- [DATA RECORDS]:

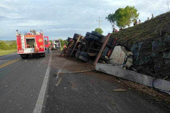 Condutor de carreta fica gravemente ferido em tombamento na BR-386 em Soledade
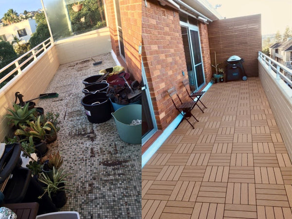 Before and after Teak DECKO Tiles
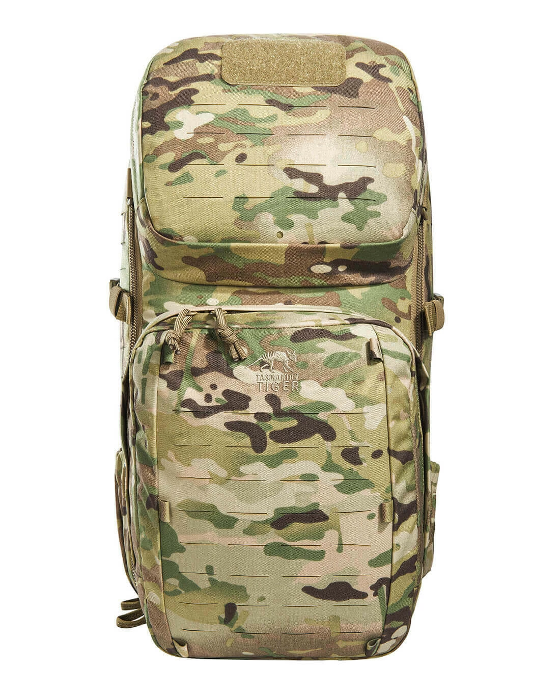 Auf der Front des Rucksacks aufgesetzt sind nun zwei weitere Taschen; die obere mit einem Fassungsvermögen von 2 Litern, die untere mit einem Volumen von 3 Litern. Beide Taschen werden mit einem Reißverschluss geschlossen und beide haben das M.O.L.L.E.-System in Lasercut-Ausführung auf ihrer Oberseite. Damit ist der Rucksack nahezu rundherum mit M.O.L.L.E. System, ausgestattet und kann dementsprechend verschwenderisch mit weiteren Taschen bestückt werden.
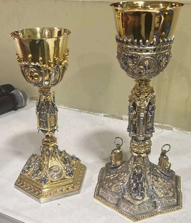 De acuerdo con los reportes, los responsables se llevaron dos cálices de plata con baño de oro y un evangeliario adornado con chapa de oro y piedras, piezas de uso religioso habitual y de gran significado para la comunidad parroquial.
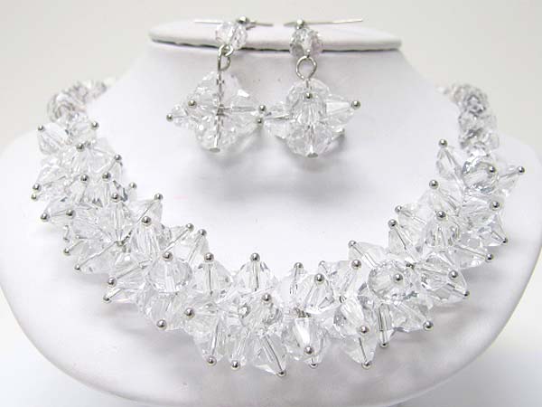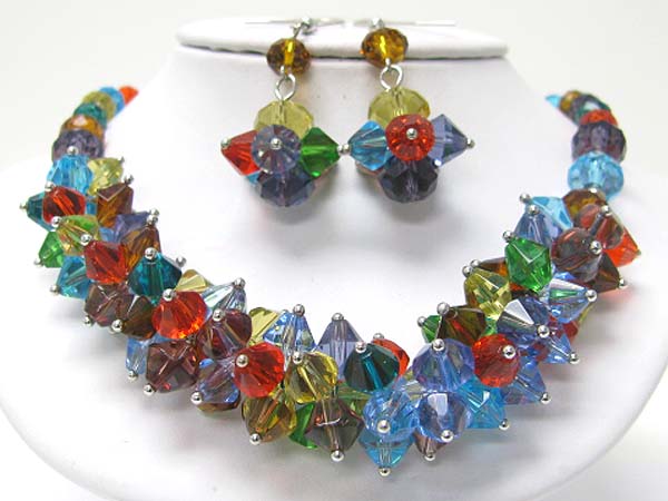 Fact glass stone claster link necklace earring set
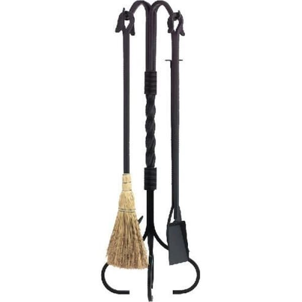Wrought Iron Fireplace Tool Set, Black - 5 Piece
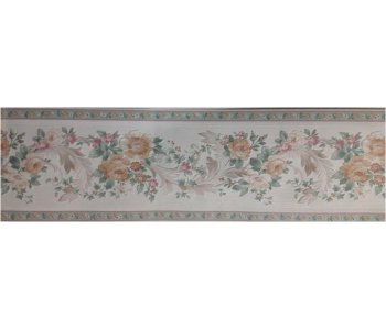 6506 Zen Wallpaper Border.A Zen border with a classic flower design in neutral colours with a pretty flowered trim. Paste the border.Spongable.Pattern repeat 26.5cm. Length 5 meter.13cm in height.
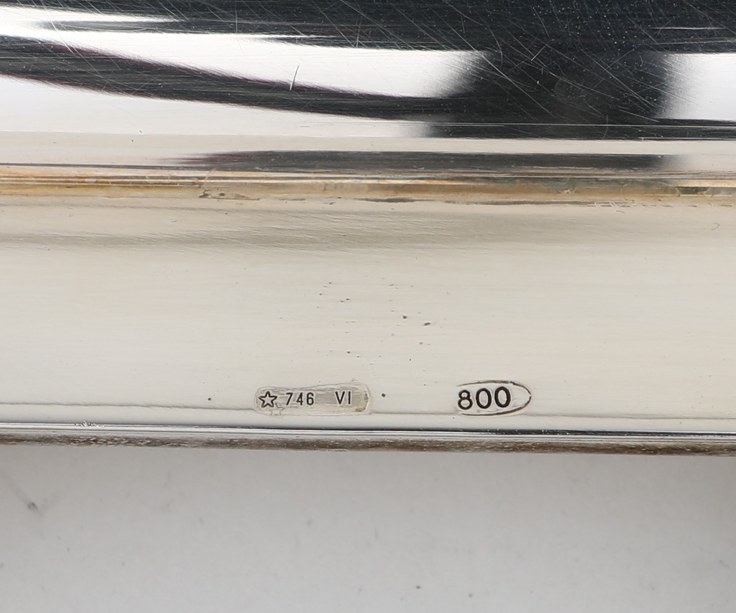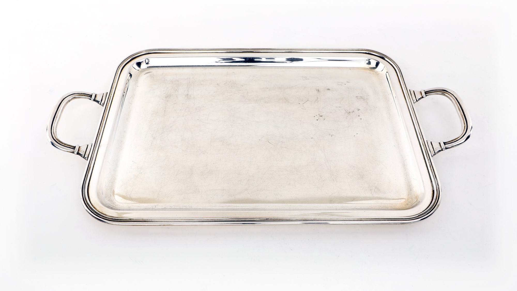 Vassoio in argento con manici di forma con angoli arrotondati e ciglio modanato, cm 38x22 - gr. 560
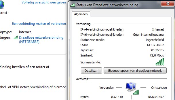 Bij details krijg je gegevens van je verbinding.

- [ACTIVITY]: Reproduce all the entries above exactly. Include no images.

- [ANSWER TO THE PROBLEM]:
 Condutor de carreta fica gravemente ferido em tombamento na BR-386 em Soledade
 Before and after Teak DECKO Tiles
 Auf der Front des Rucksacks aufgesetzt sind nun zwei weitere Taschen; die obere mit einem Fassungsvermögen von 2 Litern, die untere mit einem Volumen von 3 Litern. Beide Taschen werden mit einem Reißverschluss geschlossen und beide haben das M.O.L.L.E.-System in Lasercut-Ausführung auf ihrer Oberseite. Damit ist der Rucksack nahezu rundherum mit M.O.L.L.E. System, ausgestattet und kann dementsprechend verschwenderisch mit weiteren Taschen bestückt werden.
 De acuerdo con los reportes, los responsables se llevaron dos cálices de plata con baño de oro y un evangeliario adornado con chapa de oro y piedras, piezas de uso religioso habitual y de gran significado para la comunidad parroquial.
 Fact glass stone claster link necklace earring set
Wrought Iron Fireplace Tool Set, Black - 5 Piece
 6506 Zen Wallpaper Border.A Zen border with a classic flower design in neutral colours with a pretty flowered trim. Paste the border.Spongable.Pattern repeat 26.5cm. Length 5 meter.13cm in height.
 Vassoio in argento con manici di forma con angoli arrotondati e ciglio modanato, cm 38x22 - gr. 560
 Bij details krijg je gegevens van je verbinding.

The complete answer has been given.